When he pulled the car into the driveway, he saw Ellie on the front lawn beside the hedgerow that ran the length of the house. At the sound of his approach, she turned and watched him shut down the car. She waved and he waved back as he got out.
“Hi, Little Spoon,” he said, walking across the lawn toward her. Brown crickets springboarded into the air and rebounded off his shins while gnats clotted around his face. He swatted the gnats away. “Whatcha doing?”
“Delicate work,” Ellie said. She was holding a shoe box in one hand while holding back one of the branches of the hedgerow with the other. “I’m trying to be careful, but I can’t get back there to reach them.”
“Reach what?”
“The eggs.”
For a moment he had no idea what she was talking about. But then he recalled the bird nest below her bedroom window, and the three spotted eggs nestled within it.

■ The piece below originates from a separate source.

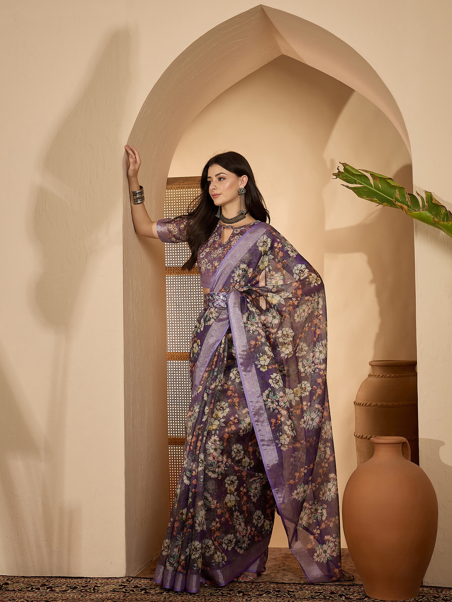 • Saree Work-Digital Print ,Blouse Work- Linen Zari Gold
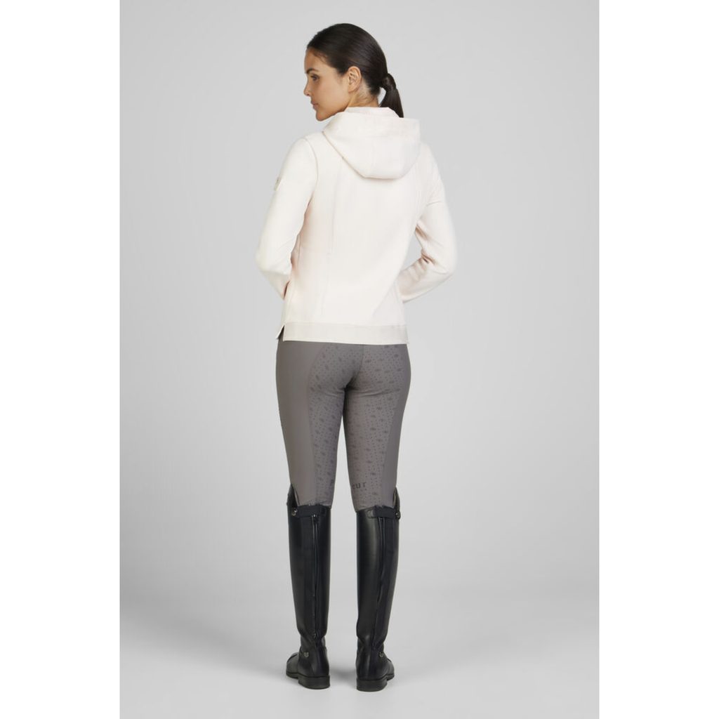 Vyrobena z lehké tkaniny s antistatickou úpravou v kombinaci s elastickými žebrovanými panely, zajišťuje volnost pohybu a pohodlné nošení. Bunda je vybavena dvoucestným zipem s jemnými zlatými proužky a bočními kapsami na zip, které jsou zdobené zlatými detaily. Manžety rukávů mají čistě zakončené okraje, což podtrhuje elegantní vzhled. Na spodním zadním lemu se nachází elastický pásek s potiskem Pikeur Selection, stejně jako na rukávu a kapuci. Integrované magnety v kapuci usnadňují manipulaci a zajišťují, že kapuce drží na svém místě.

“You sure that’s a good idea?” he said.
“The mother never came back,” Ellie advised, “and I’m not just going to let them be abandoned.”
David eyed the shoe box before reaching out and shoving the branches of the hedgerow out of the way. “So, what’s the plan? You’re going to be their surrogate?”
“Huh?”
“Their adoptive mother.”
“Oh. Yes. Of course. Why not?”
“Because they’re eggs,” he said. Between two prickly boughs he spied the nest—a brownish-gray meshwork of twigs and dead leaves and blades of grass and bits of paper and cellophane all meticulously knitted together. Inside, the eggs looked profoundly delicate, and it amazed David that any birds in the history of the world had ever survived.
“They’re just eggs now,” Ellie corrected.
“And they’ve been eggs for quite some time,” David said. He gathered the nest out of the tangle of branches and handed it over to Ellie. “They aren’t going to hatch, baby.”
“You don’t know that,” she said.
“I’m pretty sure. It’s been so long, they would’ve hatched by now.”
“You don’t know that,” she insisted, holding out the shoe box with its lid open. “Besides, it isn’t right that they should be abandoned like that. Someone needs to take care of them.”
“All right,” he acquiesced, setting the nest into the box, then brushing his hands along the legs of his trousers. “So I guess now you’re the mama bird.”
“What word did you say before?” she asked, peering down at the nest in the box. She cradled it against her breast.
“Surrogate,” he said.
“Surrogate,” she repeated. Then she frowned. “That doesn’t sound nice at all,” she added.